Activity:
Exclude the pictures, then copy word for word the lines running from the beginning of the records through the line with "Comfortabele en ergonomische".
Listed entries Block Start
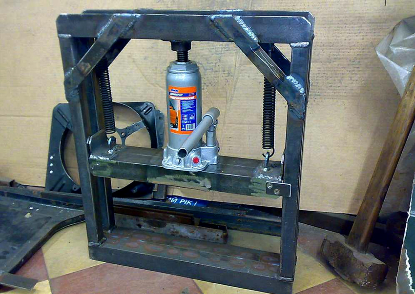 Para hacer un dispositivo casero, puede usar el esquema de la prensa hidráulica de un gato, que se puede encontrar en Internet. En la primera etapa, se crea un marco de estructura a partir de un tubo perfilado de acero, esquinas metálicas y una placa. Se instala un gato entre la placa de empuje y la plataforma, y es necesario que, cuando se retrae, la punta de la varilla esté dentro del retenedor. La base de la herramienta está atornillada al tope móvil.
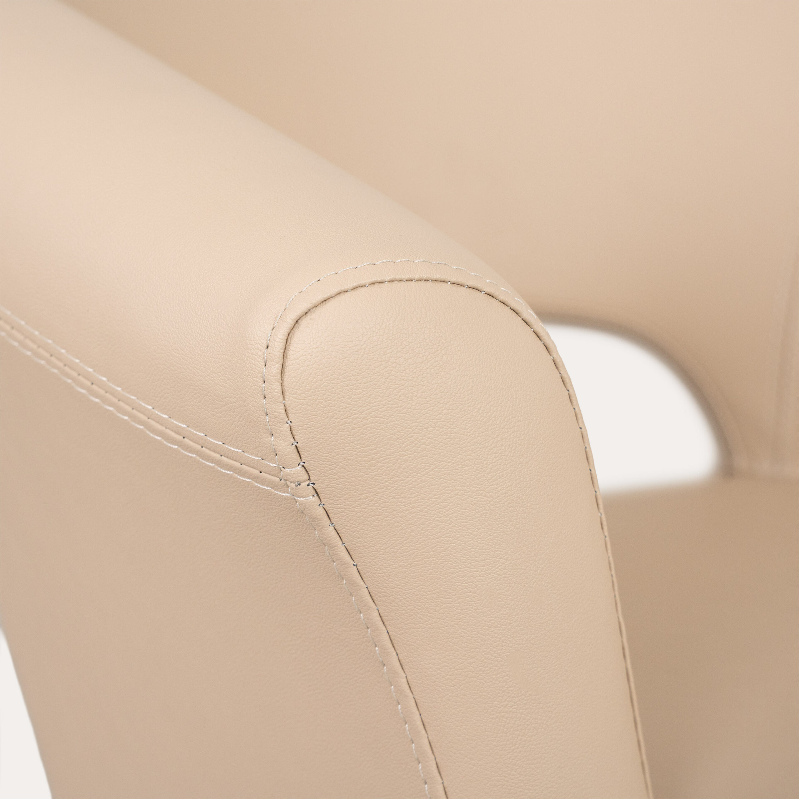 Comfortabele en ergonomische kappersstoel. Zitting van dik, hoogwaardig polyurethaanschuim. Dunne, ronde roestvrijstalen voet voor extra comfort. Zeer solide en stabiel, zonder scherpe hoeken voor eenvoudige reiniging. Vergrendelbare, hoogwaardige hydraulische pomp. Zwarte bekleding en stiksels. Afmetingen: 65 x 70 x 43/58 cm
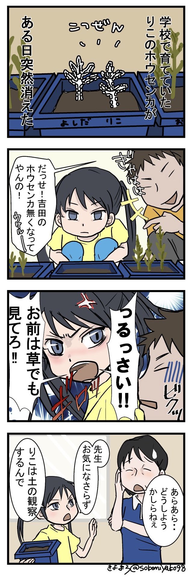 小学生の娘が学校で育てていたホウセンカ。ある日突然、消えてしまって…。なぜ?犯人は?漫画家・きよまろさん(@sobomiyako98)がツイッターに投稿した漫画に反響が寄せられていました。
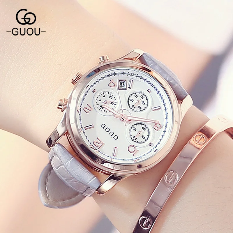 Kopen Goedkoop GUOU Fashion Vrouwen Jurk Quartz Horloge Casual Horloge Vrouwen Relogio Lederen 3 Ogen Kalender Horloge Klok Voor Dames Vrouwelijke Online
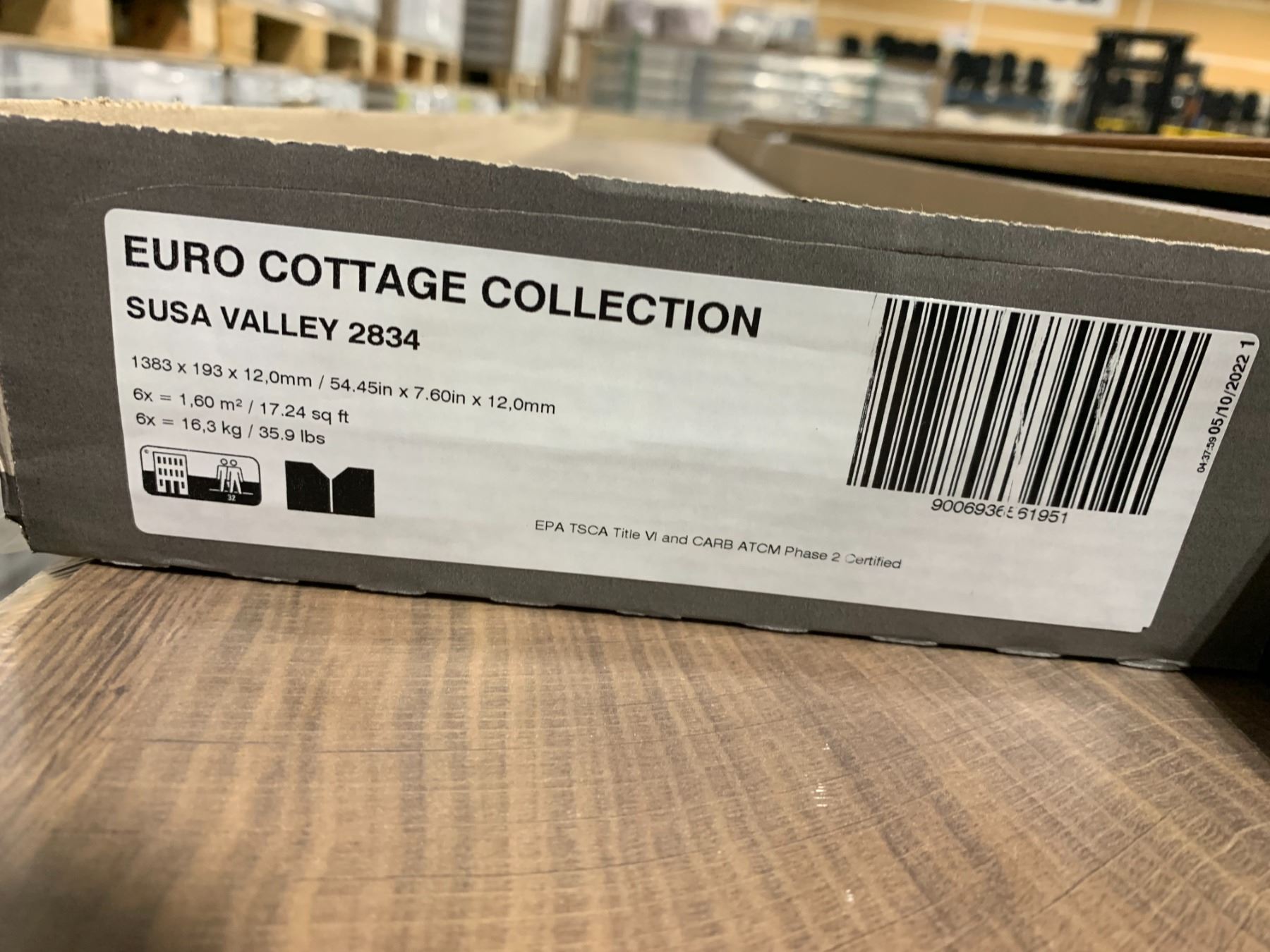 827.52 SQ FT EURO ORIGINAL COTTAGE COLLECTION SUSA VALLEY 2834 12MM LAMINATE PLANK FLOORING 17.24 SQ FT PER BOX 48 BOXES TOTAL 827.52 SQ FT TOTAL * MUST TAKE ALL ON PALLET *
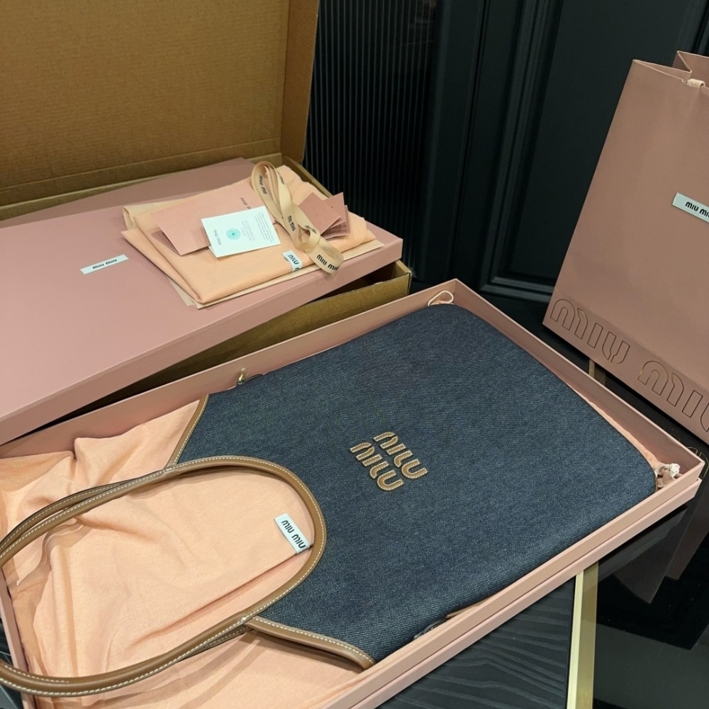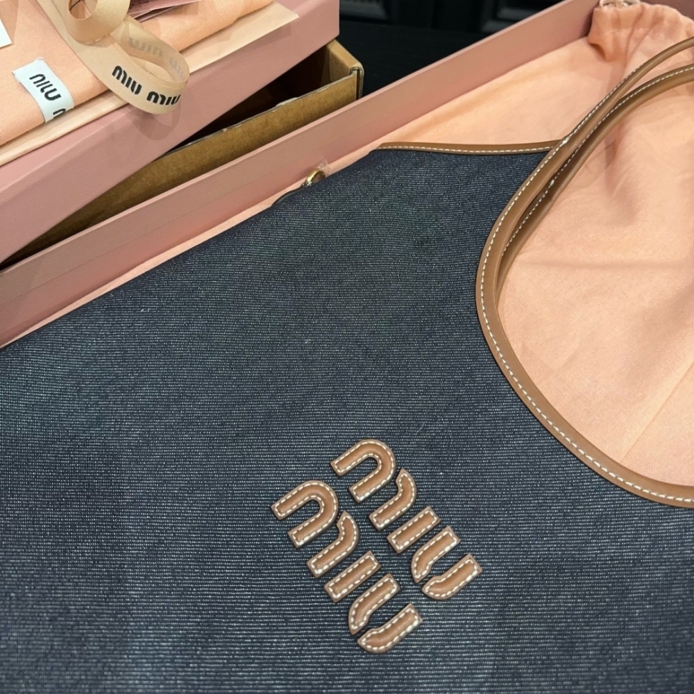 MiuMiu IVY Denim Bag Blue And Brandy 35Cm
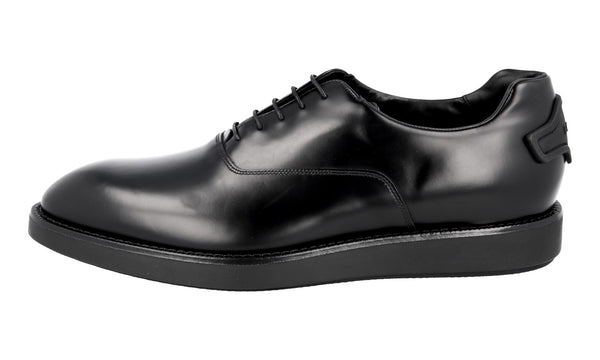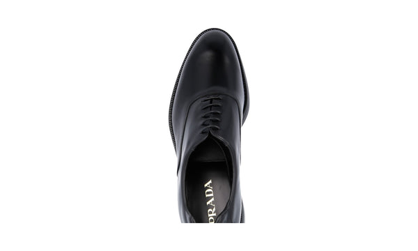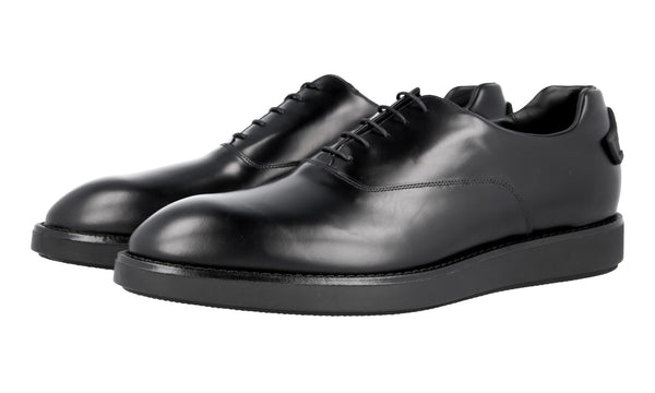 Prada Men's Black Brushed Spazzolato Leather Square Oxford Spray Runway Business Shoes 2EA165
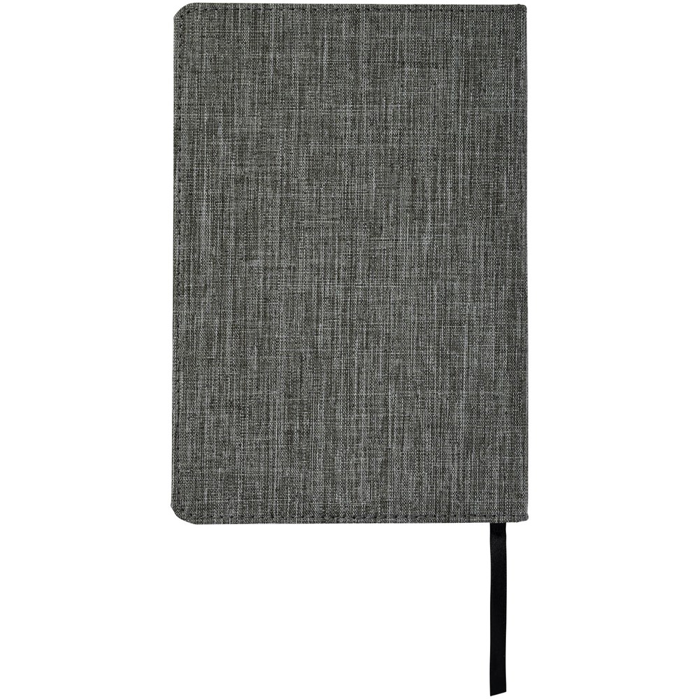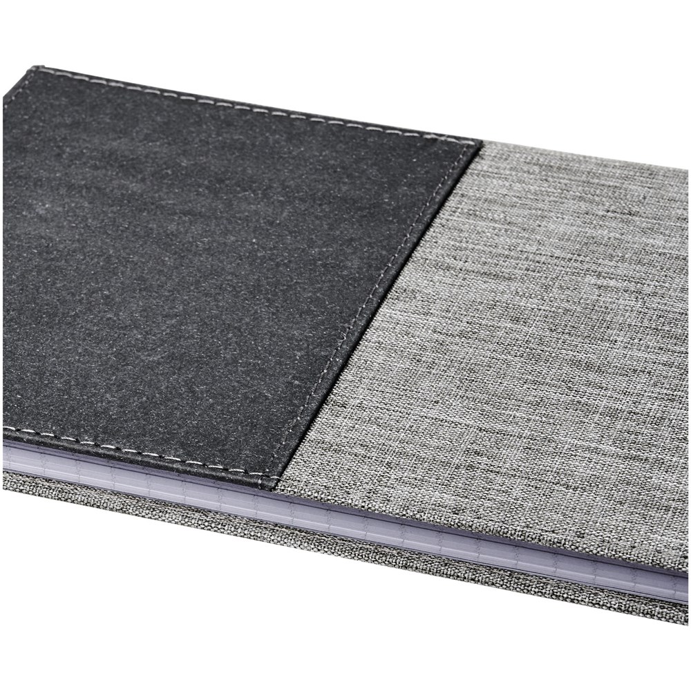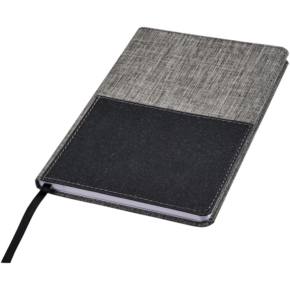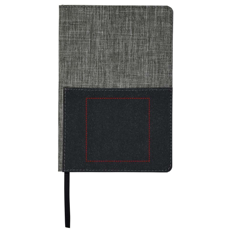 A5-formaat notitieboekje met grijze, heathered omslag gemaakt van post-consument kunststof (70%), karton van gerecycled papier (100% gerecycled) en pocket van 100% pre-consument lederen restjes. In de pocket kunnen een smartphone, balpen en andere kleine voorwerpen worden opgeborgen. Het notitieboekje is voorzien van 80 vellen, 80 gsm gelinieerd crèmekleurig papier en is verpakt in een naturelkleurige sleeve.
Listed entries Block End
Solution:
 Para hacer un dispositivo casero, puede usar el esquema de la prensa hidráulica de un gato, que se puede encontrar en Internet. En la primera etapa, se crea un marco de estructura a partir de un tubo perfilado de acero, esquinas metálicas y una placa. Se instala un gato entre la placa de empuje y la plataforma, y es necesario que, cuando se retrae, la punta de la varilla esté dentro del retenedor. La base de la herramienta está atornillada al tope móvil.
 Comfortabele en ergonomische kappersstoel. Zitting van dik, hoogwaardig polyurethaanschuim. Dunne, ronde roestvrijstalen voet voor extra comfort. Zeer solide en stabiel, zonder scherpe hoeken voor eenvoudige reiniging. Vergrendelbare, hoogwaardige hydraulische pomp. Zwarte bekleding en stiksels. Afmetingen: 65 x 70 x 43/58 cm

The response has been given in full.